By default traversal type is 'breadth-first'. But you can specify 'depth-first' though the optional type option.

It is assumed that the graph is a tree, but if there can be cycles in your nodes, you can enable cycle detection through the optional detectCycles option (false by default).

Traverse a Hierarchy or HCNode

We provide some methods for traversal of a Hierarchy or a Node as a slightly higher abstraction than the flattenGraph and flattenSequence utilities.

These don't give you the option of breaking cycles, but they do give you the option of deciding whether to includeSelf, meaning include the node, id or ids you're starting at.

These are some of the relevant signatures:

node.getDescendants(includeSelf = false, type: TraversalType = 'breadth-first'): HCNode<Item>[];
node.traverseDescendants(includeSelf = false, type: TraversalType = 'breadth-first'): Generator<HCNode<Item>>[];

node.getAncestors(includeSelf = false): HCNode<Item>[];
node.traverseAncestors(includeSelf = false): Generator<HCNode<Item>>[];

hierarchy.getDescendants(ids: Some<Id>, includeSelf = false);
hierarchy.getDescendantIds(ids: Some<Id>, includeSelf = false);
hierarchy.getDescendantItems(ids: Some<Id>, includeSelf = false);
hierarchy.getDescendantEntries(ids: Some<Id>, includeSelf = false);

hierarchy.getAncestors(id: Id, includeSelf = false);
hierarchy.getAncestorIds(id: Id, includeSelf = false);
hierarchy.getAncestorItems(id: Id, includeSelf = false);
hierarchy.getAncestorEntries(id: Id, includeSelf = false);

Search

A Hierarchy<Item, Id> provides some find* generator functions for finding nodes, items or ids matching a search.

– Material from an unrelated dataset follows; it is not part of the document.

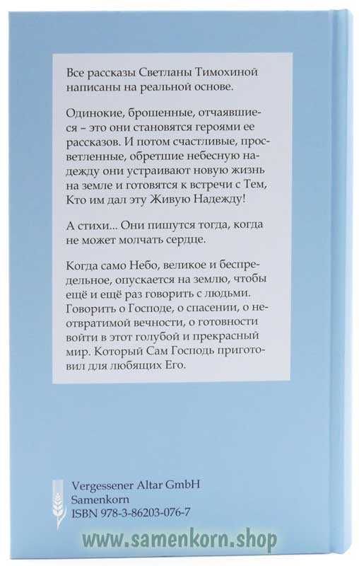 Все рассказы Светланы Тимохиной написаны на реальной основе. Одинокие, отчаявшиеся становятся героями ее рассказов. И потом счастливые, обретшие небесную надежду они устраивают новую жизнь на земле ... Стихи  говорят о Господе, о спасении, о готовности войти в Небо.

We also provide a search member function which finds nodes and creates a new Hierarchy<Item, Id> with new nodes but the same items as in the original hierarchy. You can specify whether to include the node matches and/or ancestors and descendants of those matches.

All of these members take a search parameter which can either be a list of IDs or a node predicate.

The get* member functions will throw if you ask it to retrieve an ID which is not in the hierarchy. The find*- and search members will just ignore that ID and return the ones it finds.

Here's what that looks like if you pass a list of IDs:

const nodeIterator  = hierarchy.find(['A', 'B']);
const idIterator    = hierarchy.findIds(['A', 'B']);
const itemIterator  = hierarchy.findItems(['A', 'B']);
const entryIterator = hierarchy.findEntries(['A', 'B']);

const prunedHierarchy = hierarchy.search(['A', 'B']);
const prunedHierarchy = hierarchy.search(['A', 'B'], {
	matches:     true,
	ancestors:   false,
	descendants: false,
});

Let's say your items have a description property. In that case you can search for certain matches in the description like this:

const searchExpression = /\bword\b/i;
const predicate = (node: HCNode<Item>) => searchExpression.test(node.item.description);

const nodeIterator  = hierarchy.find(predicate);
const idIterator    = hierarchy.findIds(predicate);
const itemIterator  = hierarchy.findItems(predicate);
const entryIterator = hierarchy.findEntries(predicate);

const prunedHierarchy = hierarchy.search(predicate);
const prunedHierarchy = hierarchy.search(predicate, {
	matches:     true,
	ancestors:   false,
	descendants: false,
});

Mapping

There are quite a few utilities and class member functions for mapping between relations, mapping from items to nodes, mapping items to IDs etc. Please explore the tests!

.NET implementation

If you are a .NET enjoyer, like me, there is a nuget package for a similar feature set for .NET: Loken.Hierarchies

Feedback & Contribution

If you like what you see so far or would like to suggest changes to improve or extend what the library does, please don't hesitate to leave a comment in an issue or even a PR.

You can run the tests by cloning the repo, restoring packages using pnpm and running the vitest tests.